[[ Data extract, beginning ]]

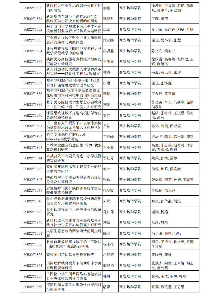 近日,陕西省教育科学规划领导小组办公室公布了2022年度陕西省教育科学“十四五”规划课题立项结果,我校获批43项课题,其中,一般课题40项、青年课题3项。
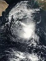 A tropical disturbance was observed on November 19 about 800 km (500 mi) southeast of Colombo, Sri Lanka in the Bay of Bengal.[26] The disturbance tracked westward, weakening after passing south of Sri Lanka.[25] It entered the Arabian Sea on November 26, and despite being located unusually close to the equator, the system maintained convection about its circulation, aided by low wind shear.[25] While the system was organizing, the center crossed the equator to reach about 0.5° S, thus becoming an anticyclonic circulation in the southern hemisphere. This was unusual, as the Coriolis effect is nonexistent along the equator—the Coriolis effect refers to planetary vorticity, which provides the spin in a cyclone.[26][27] On November 28, the JTWC classified it as Tropical Cyclone 05A just 78 km (48 mi) from the equator.[25] The IMD classified it as a depression the next day at 1.5° N, noting that "cyclogenesis ... at such low latitudes has not occurred in the past."[1] It rivaled Tropical Storm Vamei as one of the closest storms to the equator.[25]
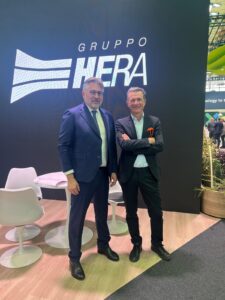 Il Presidente di Confservizi E-R ha dunque visitato i principali spazi espositivi, incontrando i vertici delle realtà che stanno trasformando il volto energetico della regione. Nel corso della giornata inaugurale, Bessi si è confrontato con il Presidente del Gruppo Hera, Cristian Fabbri, visitando lo stand della multiutility dedicato alle soluzioni d’avanguardia per la decarbonizzazione e l’economia circolare.

[[ Data extract, end ]]

[Instructions for the task] No picture should be included when the data are set down again exactly.

[Answer for the task]
 近日,陕西省教育科学规划领导小组办公室公布了2022年度陕西省教育科学“十四五”规划课题立项结果,我校获批43项课题,其中,一般课题40项、青年课题3项。
 A tropical disturbance was observed on November 19 about 800 km (500 mi) southeast of Colombo, Sri Lanka in the Bay of Bengal.[26] The disturbance tracked westward, weakening after passing south of Sri Lanka.[25] It entered the Arabian Sea on November 26, and despite being located unusually close to the equator, the system maintained convection about its circulation, aided by low wind shear.[25] While the system was organizing, the center crossed the equator to reach about 0.5° S, thus becoming an anticyclonic circulation in the southern hemisphere. This was unusual, as the Coriolis effect is nonexistent along the equator—the Coriolis effect refers to planetary vorticity, which provides the spin in a cyclone.[26][27] On November 28, the JTWC classified it as Tropical Cyclone 05A just 78 km (48 mi) from the equator.[25] The IMD classified it as a depression the next day at 1.5° N, noting that "cyclogenesis ... at such low latitudes has not occurred in the past."[1] It rivaled Tropical Storm Vamei as one of the closest storms to the equator.[25]
 Il Presidente di Confservizi E-R ha dunque visitato i principali spazi espositivi, incontrando i vertici delle realtà che stanno trasformando il volto energetico della regione. Nel corso della giornata inaugurale, Bessi si è confrontato con il Presidente del Gruppo Hera, Cristian Fabbri, visitando lo stand della multiutility dedicato alle soluzioni d’avanguardia per la decarbonizzazione e l’economia circolare.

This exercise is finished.